= Exercise brief =
The listing below should be reproduced precisely, except for its images.

*** Begin section ***

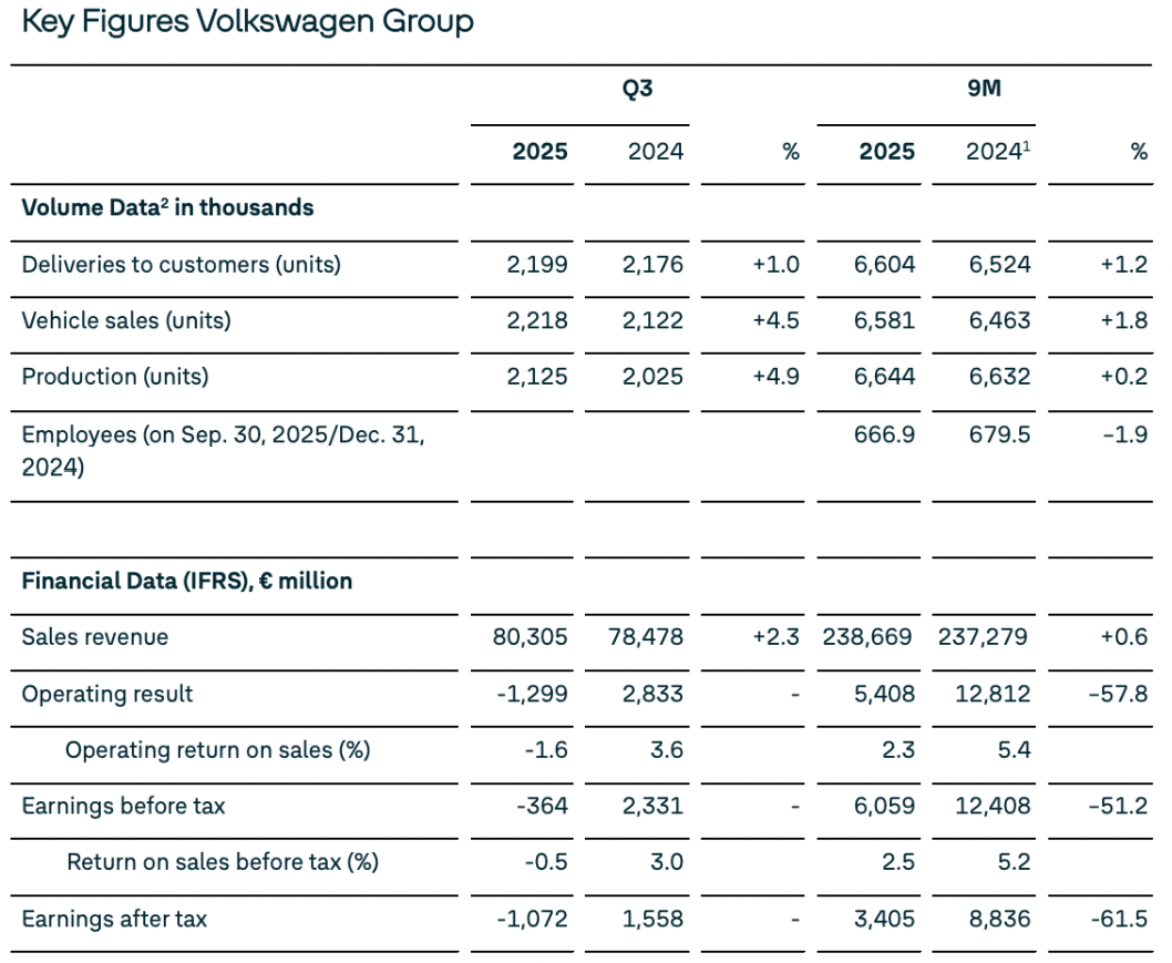更严重的是净亏损10.72亿欧元,去年同期净利润还是15.58亿欧元,同比下降约168.8%,这也是近五年来大众汽车的首次季度亏损,今年前三季度,大众汽车集团净利润与上年同期相比大幅下降61.5%,至34亿欧元。
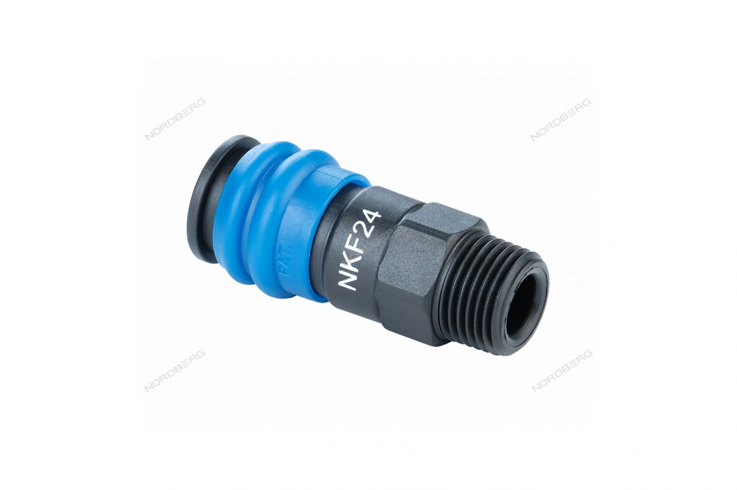 Разъем композитный NORDBERG NKF24 быстросъемный "мама" - резьба M1/2" предназначен для соединения элементов пневмолинии и пневматического инструмента, там, где требуется частая и быстрая замена пневмоинструмента.
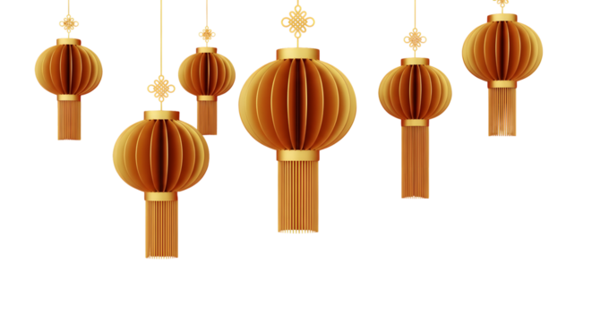 Elegant golden Chinese lanterns swaying gently, bringing festive charm and cultural richness to your designs with a touch of Asian sophistication
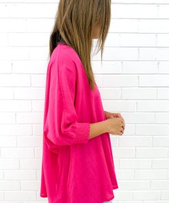 Amazing. Oversize, SO loose and drapey, it looks stunning over tights OR jeans, over a skirt, shorts or any bottoms you want to wear it with. The length is good, the cuffs are stretchy and you can wear them pulled up or down. You can wear it loose or tuck it into something. Ahhh we love it.
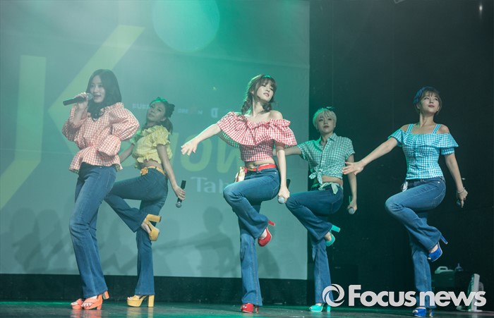 (서울=포커스뉴스) 23일 오전 서울 마포구 하나투어 브이홀에서 열린 걸그룹 타히티의 '알쏭달쏭' 쇼케이스에 참여한 멤버들이 무대를 선보이고 있다.
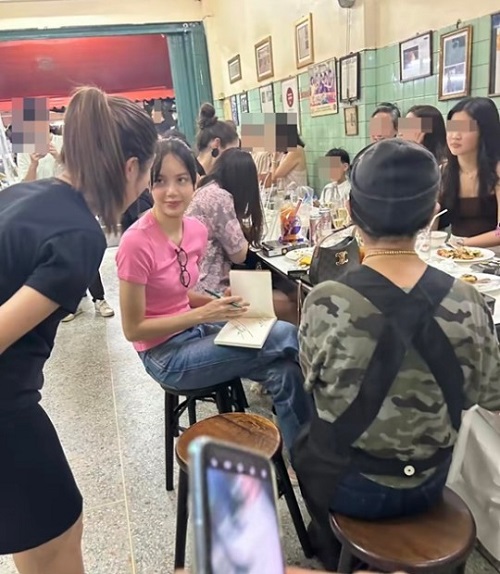公開された写真でリサは、ピンクの半袖にジーンズとラフな格好。タイのレストランで食事中、ファンにサインをしてあげている。ファンへの愛が感じられるリサの行動だが、より注目を集めたのは彼女と一緒にいる人物だ。
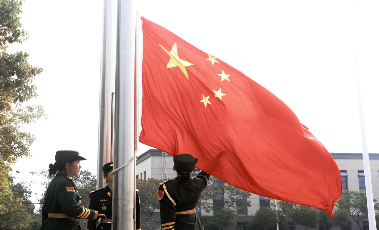 映照着晨光,雄壮的《义勇军进行曲》奏响,鲜艳的五星红旗冉冉升起,全体人员肃立行注目礼,赤诚的爱国情怀在田径场上空激荡。
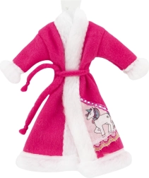 Stilīgs leļļu halātiņš ar samtaini maigu virsmu un sējamu jostu sasilda pēc vannas un vakara rituālu laikā. Pieejams dažādu krāsu un motīvu miksā (piem., vienradzis), viegli kombinējams ar citiem apģērbiem.
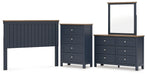 | Details | B414-57: Made with hardwood solids, mindi wood veneer and MDF substrates, Two-tone finish features a dark slate blue with a light brown wood-tone top, ¼" bolts (not included) are needed to attach headboard to your existing bed frame, Assembly required, B414B1: Includes dresser and mirror, Made with hardwood solids, mindi wood veneer and MDF substrates, Two-tone finish features a dark slate blue with light brown wood-tone top, Nickel-tone metal knobs, 6 drawers with fully finished interior, dovetail construction and heavy duty ball-bearing side glides, Mirror attaches to back of dresser, B414-45: Made with hardwood solids, mindi wood veneer and MDF substrates, Two-tone finish features a dark slate blue with a light brown wood-tone top, Nickel-tone metal knobs, 4 drawers with fully finished interior, dovetail construction and heavy duty ball-bearing side glides, | |
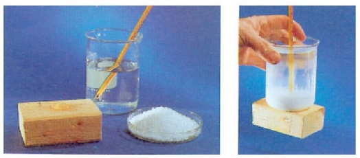 Amonio nitratoaren disolbatze prozesua endotermikoa dela frogatu nahi da irudi hauekin. Ontzian ura dago giro tenperaturan, kristalizadorean amonio nitratoa, eta ezkerraldean egur zatia, gainaldean ur tanta handi bat duela. Amonio nitratoa uretara bota eta gero, ontzia egurraren gainean jarriko da.

*** End section ***

= Result of this exercise =
更严重的是净亏损10.72亿欧元,去年同期净利润还是15.58亿欧元,同比下降约168.8%,这也是近五年来大众汽车的首次季度亏损,今年前三季度,大众汽车集团净利润与上年同期相比大幅下降61.5%,至34亿欧元。
 Разъем композитный NORDBERG NKF24 быстросъемный "мама" - резьба M1/2" предназначен для соединения элементов пневмолинии и пневматического инструмента, там, где требуется частая и быстрая замена пневмоинструмента.
 Elegant golden Chinese lanterns swaying gently, bringing festive charm and cultural richness to your designs with a touch of Asian sophistication
 Amazing. Oversize, SO loose and drapey, it looks stunning over tights OR jeans, over a skirt, shorts or any bottoms you want to wear it with. The length is good, the cuffs are stretchy and you can wear them pulled up or down. You can wear it loose or tuck it into something. Ahhh we love it.
 (서울=포커스뉴스) 23일 오전 서울 마포구 하나투어 브이홀에서 열린 걸그룹 타히티의 '알쏭달쏭' 쇼케이스에 참여한 멤버들이 무대를 선보이고 있다.
公開された写真でリサは、ピンクの半袖にジーンズとラフな格好。タイのレストランで食事中、ファンにサインをしてあげている。ファンへの愛が感じられるリサの行動だが、より注目を集めたのは彼女と一緒にいる人物だ。
 映照着晨光,雄壮的《义勇军进行曲》奏响,鲜艳的五星红旗冉冉升起,全体人员肃立行注目礼,赤诚的爱国情怀在田径场上空激荡。
 Stilīgs leļļu halātiņš ar samtaini maigu virsmu un sējamu jostu sasilda pēc vannas un vakara rituālu laikā. Pieejams dažādu krāsu un motīvu miksā (piem., vienradzis), viegli kombinējams ar citiem apģērbiem.
 | Details | B414-57: Made with hardwood solids, mindi wood veneer and MDF substrates, Two-tone finish features a dark slate blue with a light brown wood-tone top, ¼" bolts (not included) are needed to attach headboard to your existing bed frame, Assembly required, B414B1: Includes dresser and mirror, Made with hardwood solids, mindi wood veneer and MDF substrates, Two-tone finish features a dark slate blue with light brown wood-tone top, Nickel-tone metal knobs, 6 drawers with fully finished interior, dovetail construction and heavy duty ball-bearing side glides, Mirror attaches to back of dresser, B414-45: Made with hardwood solids, mindi wood veneer and MDF substrates, Two-tone finish features a dark slate blue with a light brown wood-tone top, Nickel-tone metal knobs, 4 drawers with fully finished interior, dovetail construction and heavy duty ball-bearing side glides, | |
 Amonio nitratoaren disolbatze prozesua endotermikoa dela frogatu nahi da irudi hauekin. Ontzian ura dago giro tenperaturan, kristalizadorean amonio nitratoa, eta ezkerraldean egur zatia, gainaldean ur tanta handi bat duela. Amonio nitratoa uretara bota eta gero, ontzia egurraren gainean jarriko da.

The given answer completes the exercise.